* **Activity**:
When you reach the line that contains "Vintage Coach bag.", give it back exactly along with each line after it to the end of the entries; skip any pictures.

(Excerpts from a dataset)
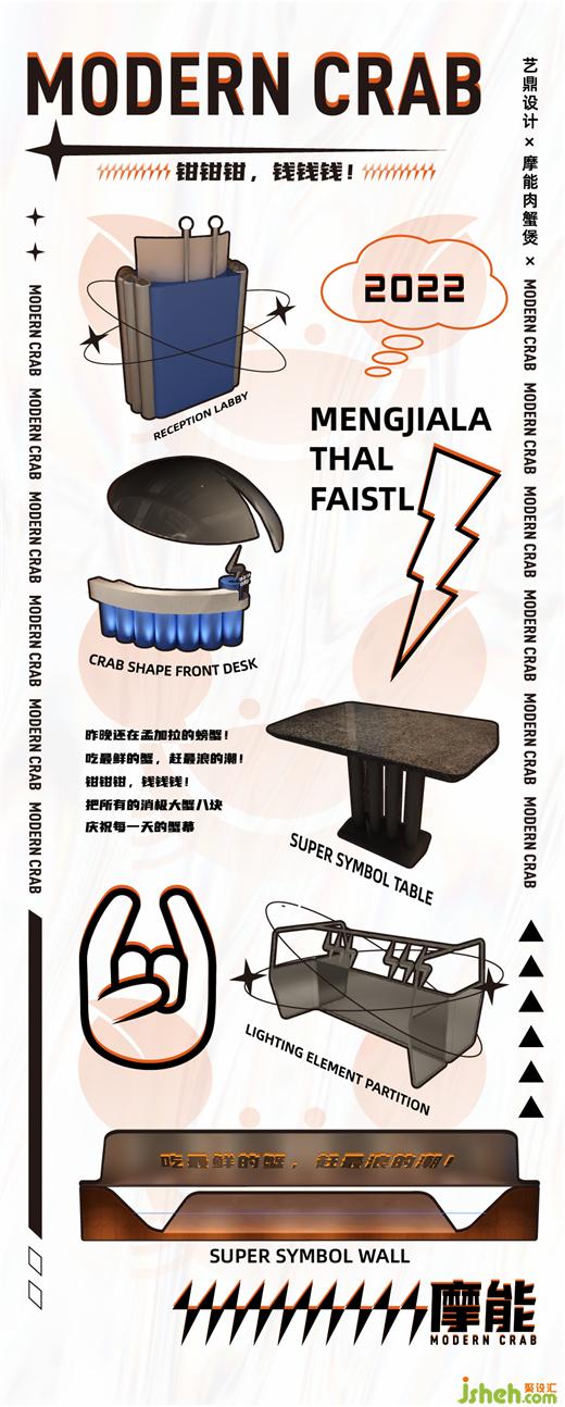 餐飲和設(shè)計不乏相似之處,設(shè)計師受到摩能美食理念啟發(fā),餐廳全案設(shè)計汲取摩能肉蟹煲主打食材“孟加拉蟹”為靈感來源,將孟加拉蟹的造型拆分解構(gòu)為不同幾何形態(tài),通過自由構(gòu)造的手法化為空間語言,穿透,而又沖破,再糅合,凸現(xiàn)品牌形象在“符號化”構(gòu)造中塑形。
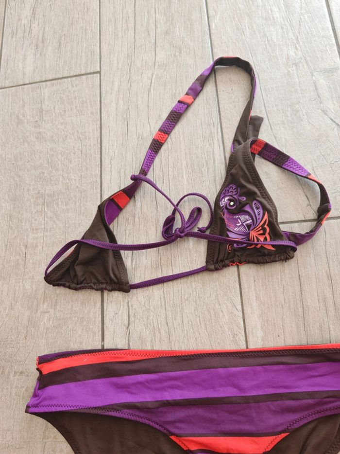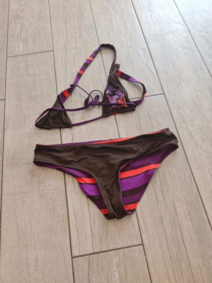 Maillot de bain 2 pièces réversible composé d'une culotte et d'un soutien-gorge triangle réglable Brun à motif fushia et orange Étiquette coupée
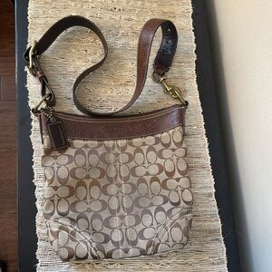 Vintage Coach bag. 1990’s to 2000’s signature logo bag. Features thick brown leather accents.
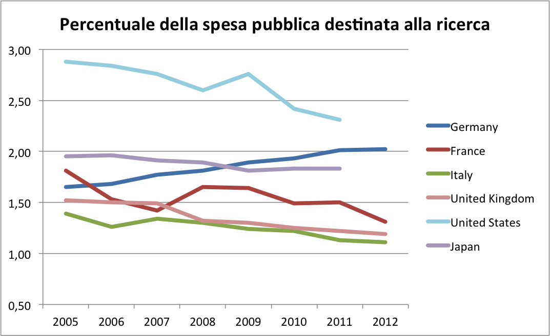 Come si vede, l’incidenza della spesa per la ricerca sul totale della spesa in Italia è calata di circa il 20% dal 2005 al 2012. Tra quelli qui rappresentati, l’unico Paese che ha fatto crescere significativamente questa incidenza è stato, guardacaso, la Germania; quanto questo abbia influito sui risultati che la Germania ha ottenuto in termini di innovazione, brevetti, eccetera, e di cui abbiamo parlato dettagliatamente qui, non è argomento di questo post.
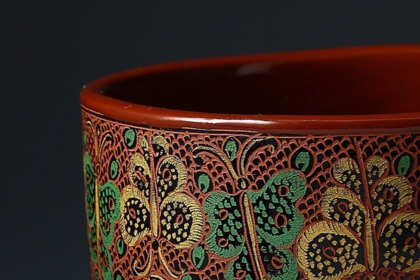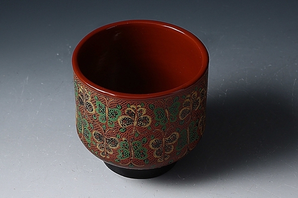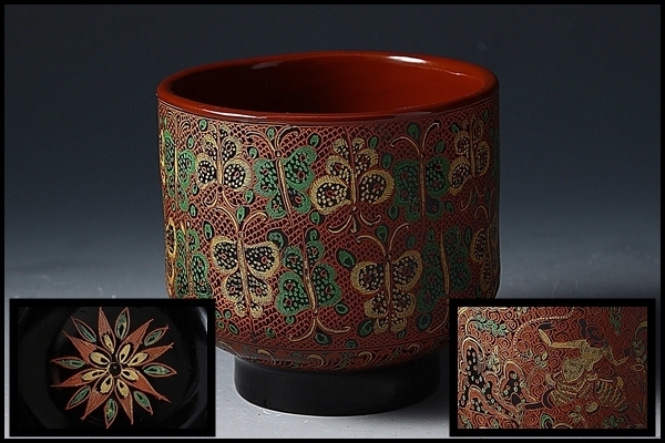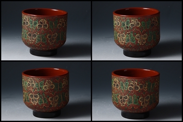 SP1078 蒟醤 キンマ 細密 茶椀 筒茶椀 漆器 茶器

* **Expected answer**:
 Vintage Coach bag. 1990’s to 2000’s signature logo bag. Features thick brown leather accents.
 Come si vede, l’incidenza della spesa per la ricerca sul totale della spesa in Italia è calata di circa il 20% dal 2005 al 2012. Tra quelli qui rappresentati, l’unico Paese che ha fatto crescere significativamente questa incidenza è stato, guardacaso, la Germania; quanto questo abbia influito sui risultati che la Germania ha ottenuto in termini di innovazione, brevetti, eccetera, e di cui abbiamo parlato dettagliatamente qui, non è argomento di questo post.
 SP1078 蒟醤 キンマ 細密 茶椀 筒茶椀 漆器 茶器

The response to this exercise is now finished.